* _How to complete this task_
Print a faithful copy of the data below, word for word, with the pictures left out.

* _Given entries_
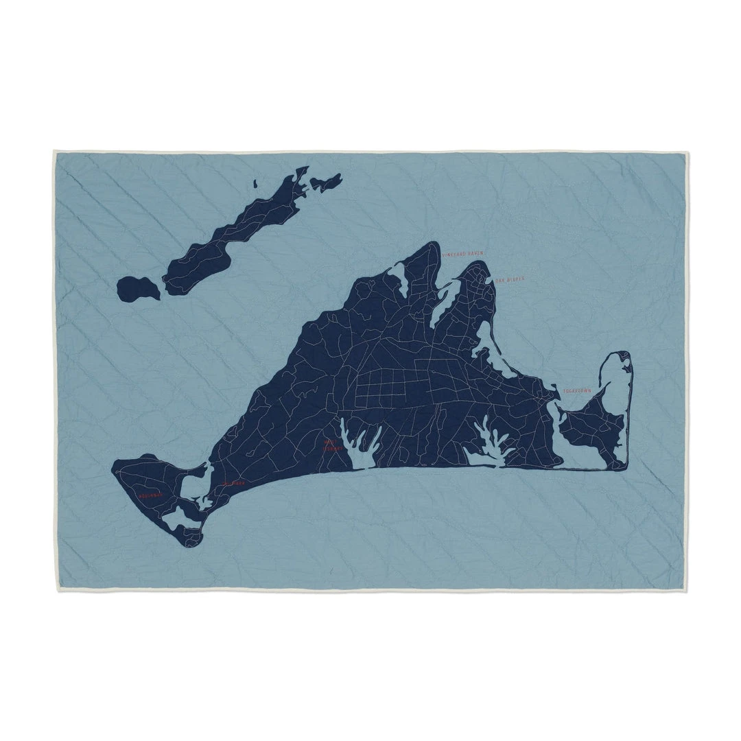 The Martha’s Vineyard organic cotton quilt features a quilted map of the popular Summer getaway destination with the embroidered names of Edgartown, Oak Bluffs, Vineyard Haven, and Aquinnah. Style it on your couch, favorite reading chair, or on the wall as a tapestry.
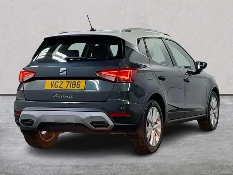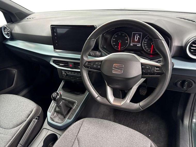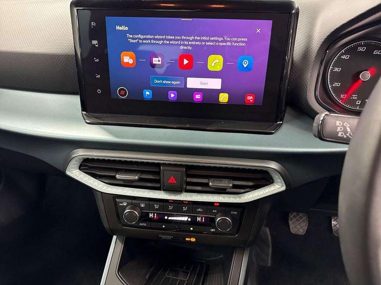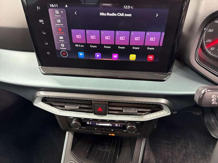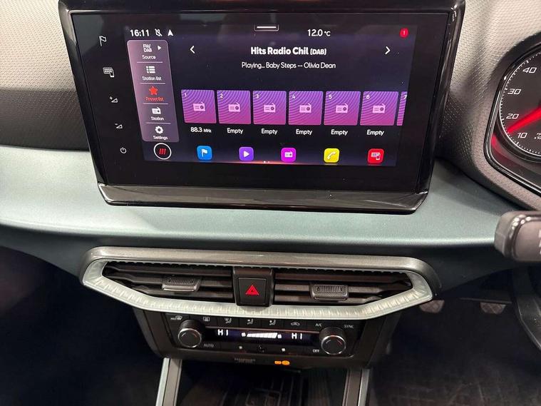 'Lights On' Reminder warning buzzer, Digital clock, E-call, Electric speed sensitive power steering, Full Link Smartphone Integration with Mirror Link, Apple Car Play, Google Android Auto with USB Type C cable for Apple and Android compatibility, Lane keeping system, Low fuel warning light, Outside temperature display, Rear parking sensor, RPM counter, Seat connect with safety, service, remote and online, Trip computer, Bluetooth interface for hands free and audio streaming, DAB digital radio and AM/FM radio, Steering wheel mounted audio controls, Anti theft roof antenna, Auto dimming interior rear view mirror, Automatic activation of hazard warning lights, Body coloured bumpers, Body coloured door handle inserts, Chrome roof rails and window surrounds, Chrome window trim, Electric front/rear windows, Electrically adjustable, heated and folding door mirrors, FULL LED automatic headlights with dynamic headlight range control, coming and leaving home, LED daytime running lights, Hidden exhaust pipe, LED rear tail lights and licence plate lights, Protective side mouldings, Rain sensing wipers, Rear side wing doors, Rear spoiler, Rear window wash/wipe, Roof colour door mirrors, Third brake light, Visible VIN plate, Windshield wiper with intermittent control and potentiometer, 2 cupholders, 3 seat bench in 2nd row, 60/40 split folding rear seat, Aircare filter, Aran green Illuminated coloured air vent, Black interior roof, Cloth upholstery, Double boot floor, Driver sunvisor with covered mirror + card holder, Dual zone climate control, Flat bottomed leather steering wheel/gear knob/handbrake, Front courtesy light with 2x front and 2x rear reading lights, Front seat back storage pockets, Gear shift indicator, Height adjustable front seats, Height/reach adjustable steering column, Illuminated boot, Instrument lighting with brightness control, Interior ambient lighting, Interior light in footwell, central console and door panel, ISOFIX points in outer rear seats with top tether anchorage points, Passenger sunvisor with vanity mirror, Single front passenger seat, Storage net on centre console, Two front and three rear height adjustable headrests, Connectivity pack plus - Arona, Interior chrome pack - Arona, Safety and driving pack (M) - Arona, Storage pack - Arona, 3 point seatbelts on all rear seats, ABS, Active front headrests, Child locks on rear doors, Driver and front passenger airbags with front passenger airbag de activation, front side and curtain airbags, Electronic stability control, Emergency Brake Assist (EBA) and front assist, Front and rear seatbelt reminder, Hill hold control, Multi-Collision braking, Tiredness recognition system, Traction control, Tyre pressure monitoring system, Alarm with back-up horn, Electronic engine immobiliser, KESSY Keyless entry and go, Locking wheel bolts, Remote central locking + deadlocks, Tow away protection, Titan black dashboard, 17" Dynamic alloy wheels,
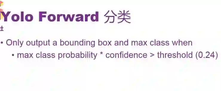 如图,给出了stx、sty、tw、th之后,通过简单的公式,就可以计算出最后输出的边框的位置和大小。具体是否要输出当前的边框,它的概率,还有生成的物体的类别,这个取决于后面的probability和confidence。Confidence表示有没有物体,假设有物体之后,probability表示物体的概率。
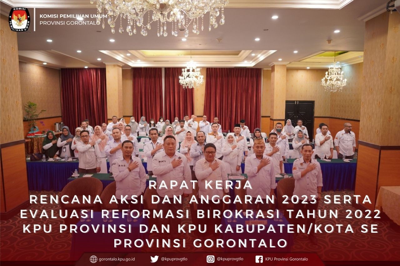 Ketua KPU Provinsi Gorontalo Fadliyanto Koem, Anggota KPU Provinsi Gorobtalo Sophian Rahmola, Hendrik Imran, Ramli Ondang Djau serta Sekretaris KPU Provinsi Gorontalo Mukti Abdullatif Mile menghadiri Rapat kerja Rencana Aksi dan Anggaran tahun 2023 serta Evaluasi Reformasi Birokrasi tahun 2022 sbertempat di hotel GrandQ kota gorontalo (09/01/23)
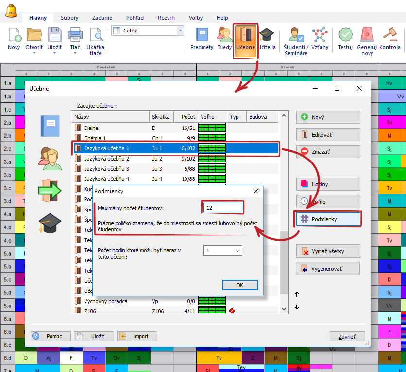 Obyčajne stačí prideliť hodiny triedy ku konkrétnym učebniam.
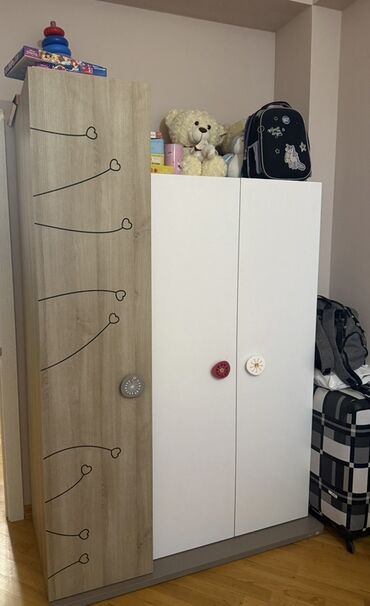 - Üç qapılı şkaf – sağ tərəf ağ, sol tərəf ağac teksturalı, ön tərəfdə ürək formalı naxışlar. Fərqli rəngli dairəvi dekorativ tutacaqlar.

* _Result below_
 The Martha’s Vineyard organic cotton quilt features a quilted map of the popular Summer getaway destination with the embroidered names of Edgartown, Oak Bluffs, Vineyard Haven, and Aquinnah. Style it on your couch, favorite reading chair, or on the wall as a tapestry.
 'Lights On' Reminder warning buzzer, Digital clock, E-call, Electric speed sensitive power steering, Full Link Smartphone Integration with Mirror Link, Apple Car Play, Google Android Auto with USB Type C cable for Apple and Android compatibility, Lane keeping system, Low fuel warning light, Outside temperature display, Rear parking sensor, RPM counter, Seat connect with safety, service, remote and online, Trip computer, Bluetooth interface for hands free and audio streaming, DAB digital radio and AM/FM radio, Steering wheel mounted audio controls, Anti theft roof antenna, Auto dimming interior rear view mirror, Automatic activation of hazard warning lights, Body coloured bumpers, Body coloured door handle inserts, Chrome roof rails and window surrounds, Chrome window trim, Electric front/rear windows, Electrically adjustable, heated and folding door mirrors, FULL LED automatic headlights with dynamic headlight range control, coming and leaving home, LED daytime running lights, Hidden exhaust pipe, LED rear tail lights and licence plate lights, Protective side mouldings, Rain sensing wipers, Rear side wing doors, Rear spoiler, Rear window wash/wipe, Roof colour door mirrors, Third brake light, Visible VIN plate, Windshield wiper with intermittent control and potentiometer, 2 cupholders, 3 seat bench in 2nd row, 60/40 split folding rear seat, Aircare filter, Aran green Illuminated coloured air vent, Black interior roof, Cloth upholstery, Double boot floor, Driver sunvisor with covered mirror + card holder, Dual zone climate control, Flat bottomed leather steering wheel/gear knob/handbrake, Front courtesy light with 2x front and 2x rear reading lights, Front seat back storage pockets, Gear shift indicator, Height adjustable front seats, Height/reach adjustable steering column, Illuminated boot, Instrument lighting with brightness control, Interior ambient lighting, Interior light in footwell, central console and door panel, ISOFIX points in outer rear seats with top tether anchorage points, Passenger sunvisor with vanity mirror, Single front passenger seat, Storage net on centre console, Two front and three rear height adjustable headrests, Connectivity pack plus - Arona, Interior chrome pack - Arona, Safety and driving pack (M) - Arona, Storage pack - Arona, 3 point seatbelts on all rear seats, ABS, Active front headrests, Child locks on rear doors, Driver and front passenger airbags with front passenger airbag de activation, front side and curtain airbags, Electronic stability control, Emergency Brake Assist (EBA) and front assist, Front and rear seatbelt reminder, Hill hold control, Multi-Collision braking, Tiredness recognition system, Traction control, Tyre pressure monitoring system, Alarm with back-up horn, Electronic engine immobiliser, KESSY Keyless entry and go, Locking wheel bolts, Remote central locking + deadlocks, Tow away protection, Titan black dashboard, 17" Dynamic alloy wheels,
 如图,给出了stx、sty、tw、th之后,通过简单的公式,就可以计算出最后输出的边框的位置和大小。具体是否要输出当前的边框,它的概率,还有生成的物体的类别,这个取决于后面的probability和confidence。Confidence表示有没有物体,假设有物体之后,probability表示物体的概率。
 Ketua KPU Provinsi Gorontalo Fadliyanto Koem, Anggota KPU Provinsi Gorobtalo Sophian Rahmola, Hendrik Imran, Ramli Ondang Djau serta Sekretaris KPU Provinsi Gorontalo Mukti Abdullatif Mile menghadiri Rapat kerja Rencana Aksi dan Anggaran tahun 2023 serta Evaluasi Reformasi Birokrasi tahun 2022 sbertempat di hotel GrandQ kota gorontalo (09/01/23)
 Obyčajne stačí prideliť hodiny triedy ku konkrétnym učebniam.
 - Üç qapılı şkaf – sağ tərəf ağ, sol tərəf ağac teksturalı, ön tərəfdə ürək formalı naxışlar. Fərqli rəngli dairəvi dekorativ tutacaqlar.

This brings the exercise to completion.